I clicked on the parts of his Facebook page that are public, and he seems like a decent man. He lives in Hillsboro, Alabama and makes his living as a welder. He has a beautiful family. Smiling children. A seemingly loving wife. They are a family that seem to enjoy football and their faith.
Yet he believes I'm going to hell.
Would he still believe this if he didn't know me via the Internet? Would he says these words to my face if we were eating a meal together? If our families were picnicking together? If we were watching a football game side by side?
I like to think not.
Yes, I have my many flaws, and yes, as much as I wish I had faith in God, I don't.
But I want faith. I strive for faith. Does that count for anything?
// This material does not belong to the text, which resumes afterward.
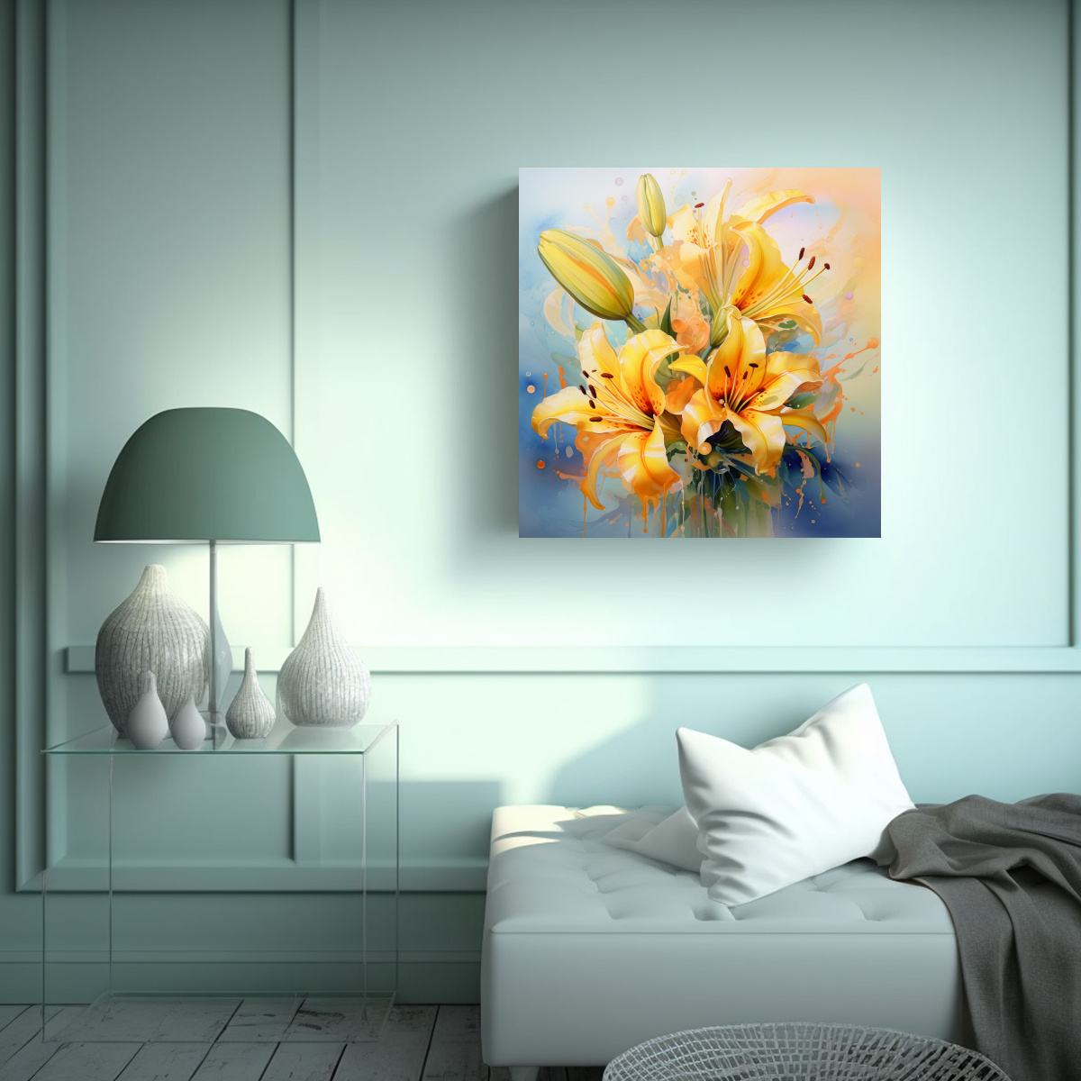 Pintura Acuarela Abstracta De Lirios Amarillos Con Colores Vibrantes Para Decoración

I also have two cute-as-a-button kids with kind hearts and great minds who love me. I married a remarkable woman who still loves me eleven years after we were first married. I've dedicated the last 20 years of my life to teaching children in the public schools. I just spent a weekend in Kansas City, donating most of my time and expertise to help the poor, the homeless, and the underserved tell their stories. Last night I worked with the children of Holocaust survivors to tell their story. I've worked with ministers, priests, and rabbis to help them preach to their congregants. I have good friends who love me. Family who loves me. Neighbors who like me. I have a 16 year-old dog who my vet says is alive today only because I have given more time and money to her than any pet owner he has ever met.
I have even been invited to lead a worship service at a local church in the spring.
Am I really going to hell because I oppose the words of a pastor who calls my gay friends "criminal" and "mentally ill?" Am I going to hell because I support and love my transgender students? Am I going to hell because I stand against a pastor who supports a President who makes fun of the disabled, brags about sexual assault, attacks military veterans and Gold Star families, and lies with impunity?
Does this man really believe that the Jesus depicted in the New Testament would send someone like me to hell? I've read The Bible cover to cover three times, and I can't see the Jesus who I know from that book suggesting that I belong in hell.
This is the problem with the Internet. People are emboldened to say things that they might never say in person. They type words that might never come from their mouths, feeling like digital distance protects them from judgment. They often become the worst versions of themselves.
Whenever I write something online, I ask myself, "Would I say this in real life?" Admittedly, I tend to say things that others might not, but I like to think that the thoughts, ideas, and opinions that i express online are the same as those I speak in real life.
I don't think enough people ask themselves this question.
I'm not a bad person. Certainly not evil. If there is a hell, I am fairly confident that I will not be going there.
I'm also fairly confident that if I had the opportunity to spend an afternoon with this man, we would find more commonality than difference. More to like than to hate. More reason to be friends than to be enemies.
I like to think that if he knew me, he might change his mind about my eternal damnation.